_YOUR INSTRUCTIONS_.
Repeat the records below exactly from the line containing "ปักธงสีรุ้ง งาน Pride" to the line containing "Semijoia Gazin- Brinco", taking in both of those lines. Drop the pictures.

_DATA SUPPLIED_.
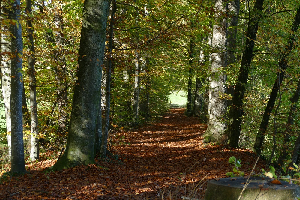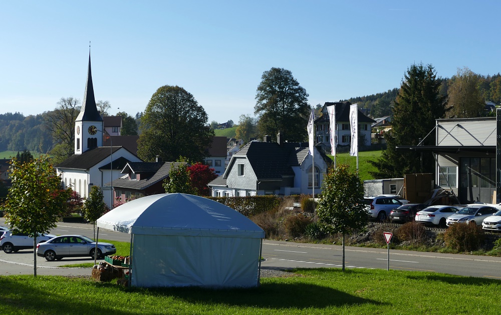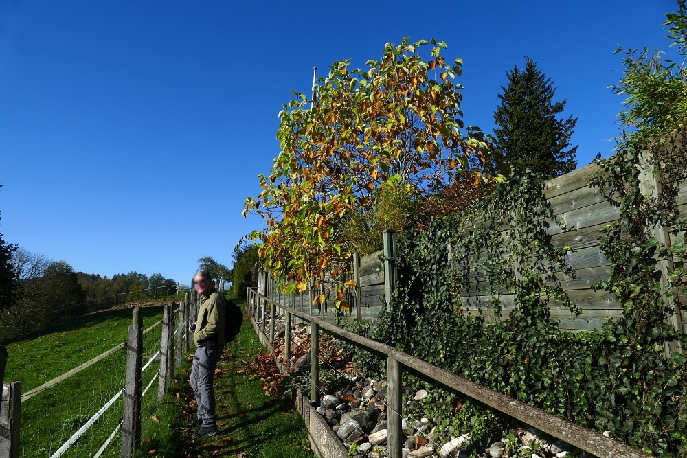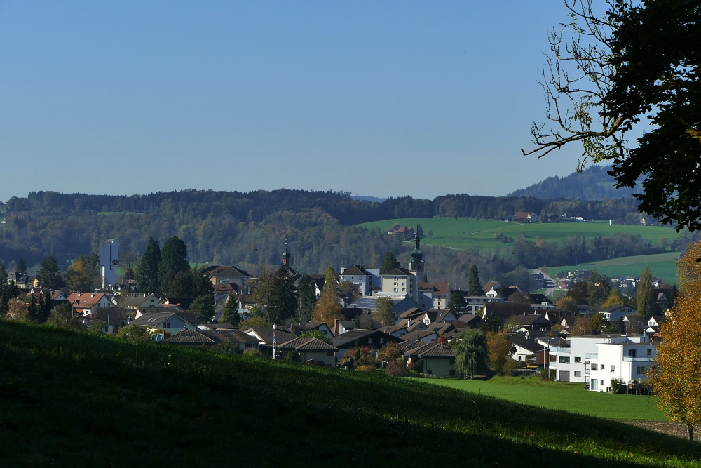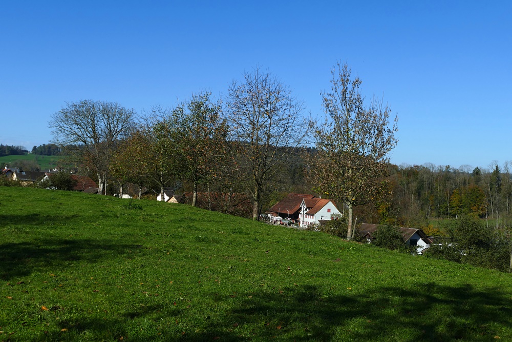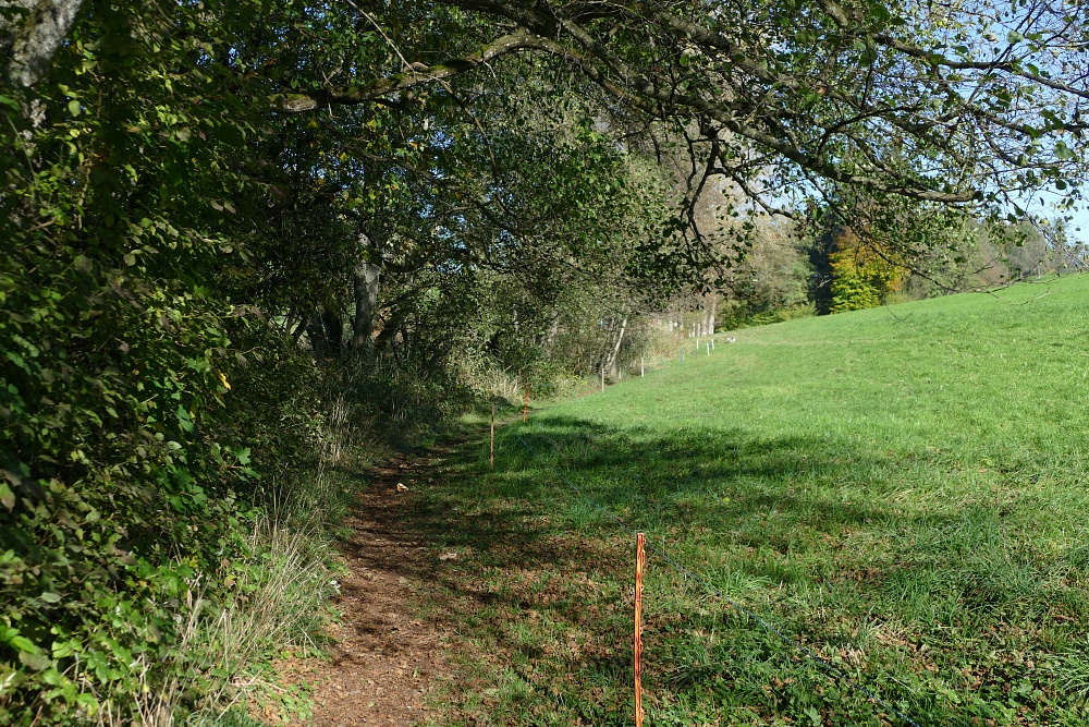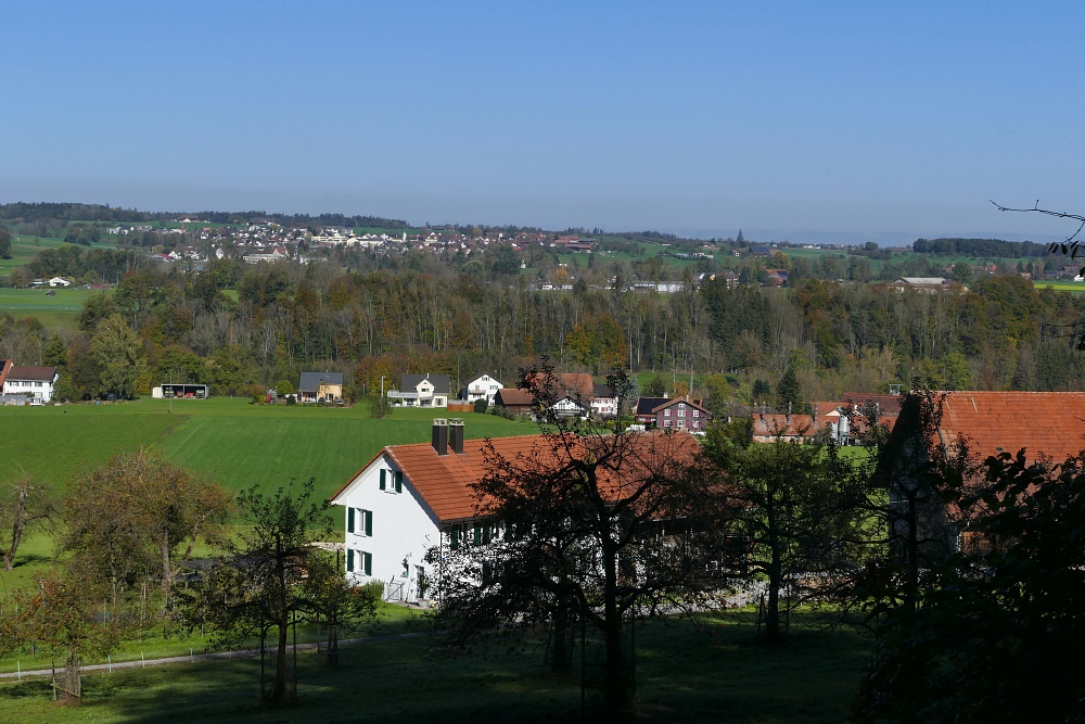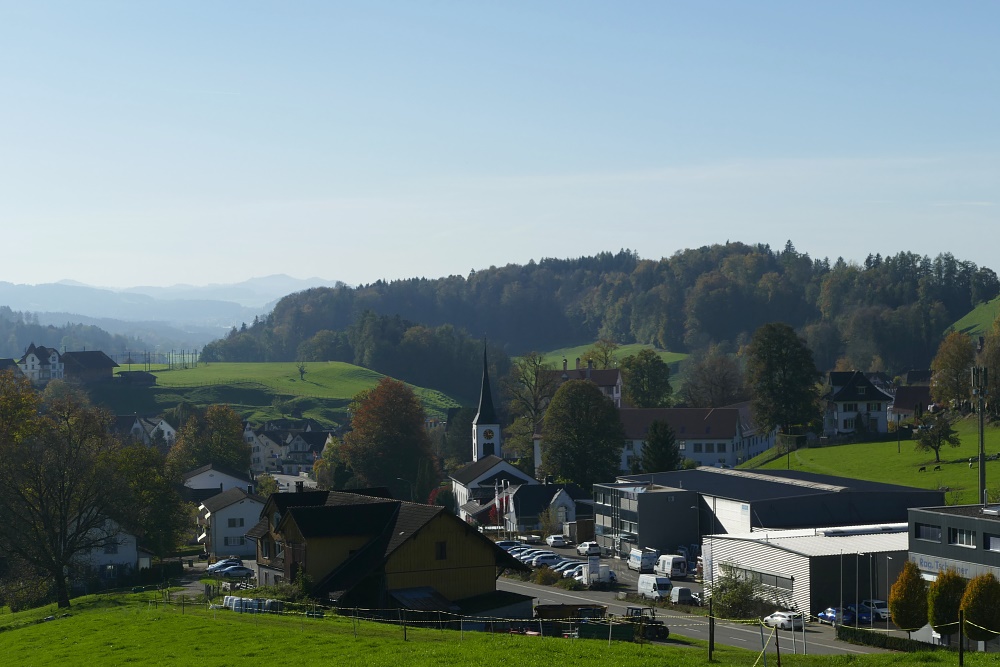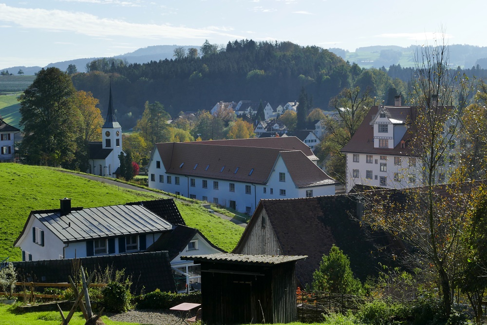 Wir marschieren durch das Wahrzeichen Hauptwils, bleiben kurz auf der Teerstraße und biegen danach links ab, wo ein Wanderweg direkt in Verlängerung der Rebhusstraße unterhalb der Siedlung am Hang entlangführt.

--

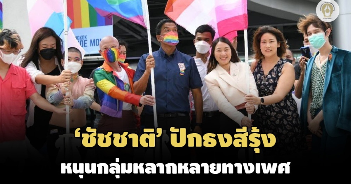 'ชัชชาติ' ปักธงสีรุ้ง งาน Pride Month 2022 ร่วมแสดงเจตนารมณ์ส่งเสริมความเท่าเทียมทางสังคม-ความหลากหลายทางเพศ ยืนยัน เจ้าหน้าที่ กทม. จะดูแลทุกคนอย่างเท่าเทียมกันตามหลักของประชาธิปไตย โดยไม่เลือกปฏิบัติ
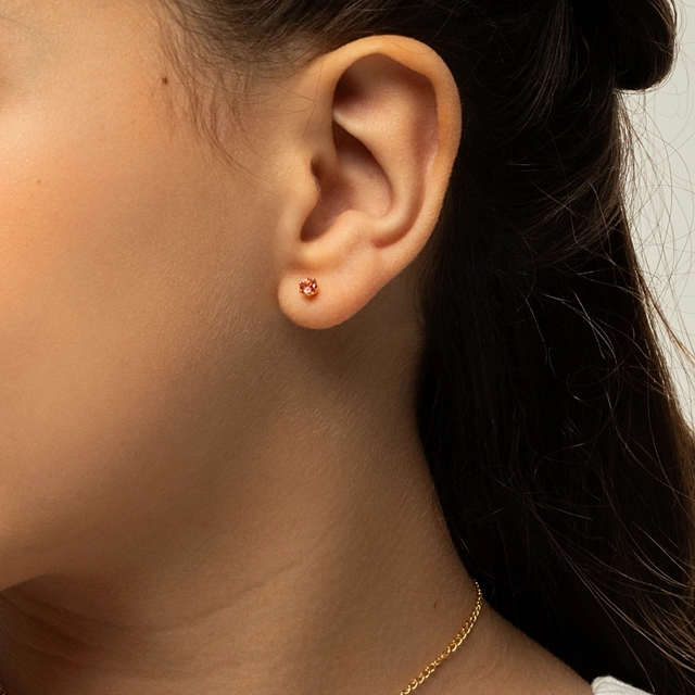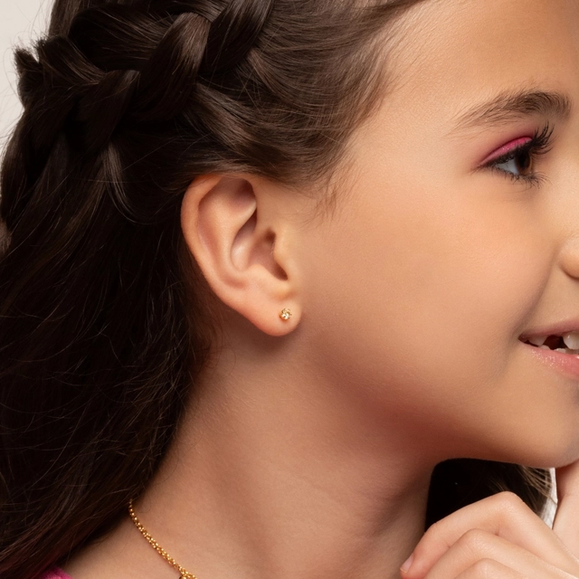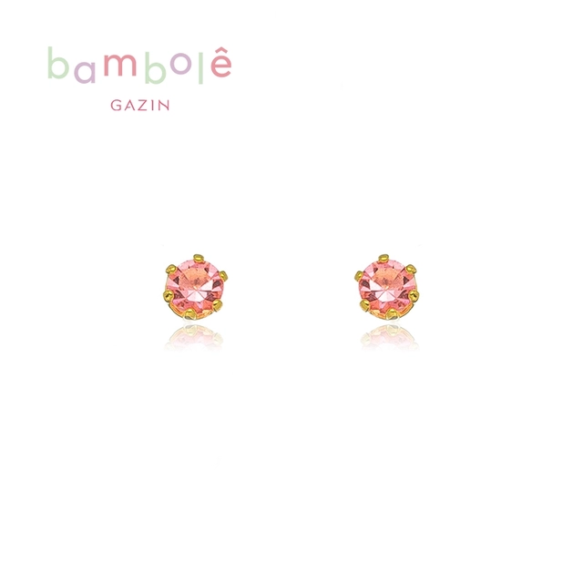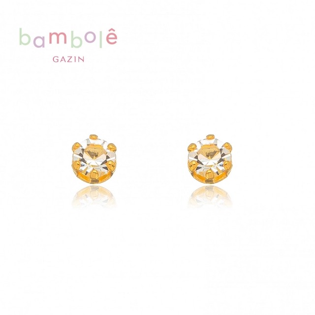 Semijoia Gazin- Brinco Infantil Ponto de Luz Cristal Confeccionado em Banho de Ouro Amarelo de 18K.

--

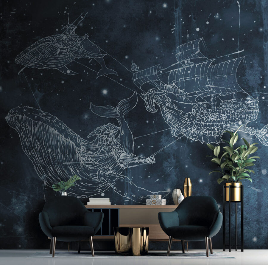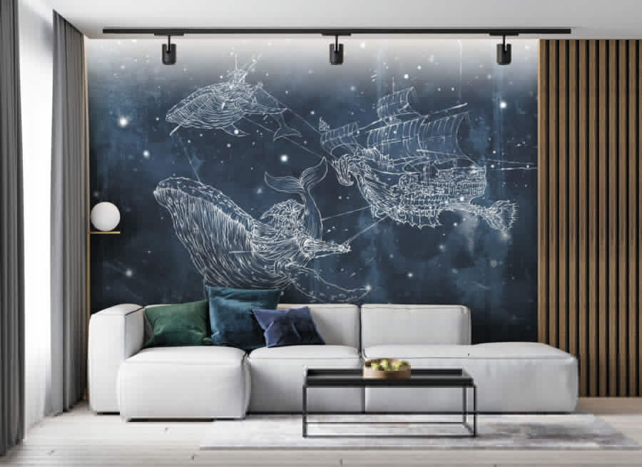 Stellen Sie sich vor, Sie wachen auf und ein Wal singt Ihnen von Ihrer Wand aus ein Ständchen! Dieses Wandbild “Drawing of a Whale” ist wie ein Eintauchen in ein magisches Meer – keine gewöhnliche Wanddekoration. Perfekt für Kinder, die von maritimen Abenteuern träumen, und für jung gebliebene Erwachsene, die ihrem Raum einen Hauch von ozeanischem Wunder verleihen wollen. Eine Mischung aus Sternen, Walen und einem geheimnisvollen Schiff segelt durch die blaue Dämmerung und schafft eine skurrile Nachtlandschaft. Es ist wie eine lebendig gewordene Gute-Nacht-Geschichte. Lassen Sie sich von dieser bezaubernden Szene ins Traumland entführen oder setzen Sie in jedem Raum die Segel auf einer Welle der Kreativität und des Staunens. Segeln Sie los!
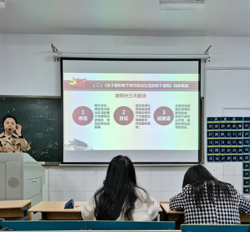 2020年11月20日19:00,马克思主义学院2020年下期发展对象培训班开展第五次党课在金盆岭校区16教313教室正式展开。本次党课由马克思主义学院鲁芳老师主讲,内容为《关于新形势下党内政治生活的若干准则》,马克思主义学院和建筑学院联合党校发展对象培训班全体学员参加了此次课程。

_PROBLEM SOLUTION_.
 'ชัชชาติ' ปักธงสีรุ้ง งาน Pride Month 2022 ร่วมแสดงเจตนารมณ์ส่งเสริมความเท่าเทียมทางสังคม-ความหลากหลายทางเพศ ยืนยัน เจ้าหน้าที่ กทม. จะดูแลทุกคนอย่างเท่าเทียมกันตามหลักของประชาธิปไตย โดยไม่เลือกปฏิบัติ
 Semijoia Gazin- Brinco Infantil Ponto de Luz Cristal Confeccionado em Banho de Ouro Amarelo de 18K.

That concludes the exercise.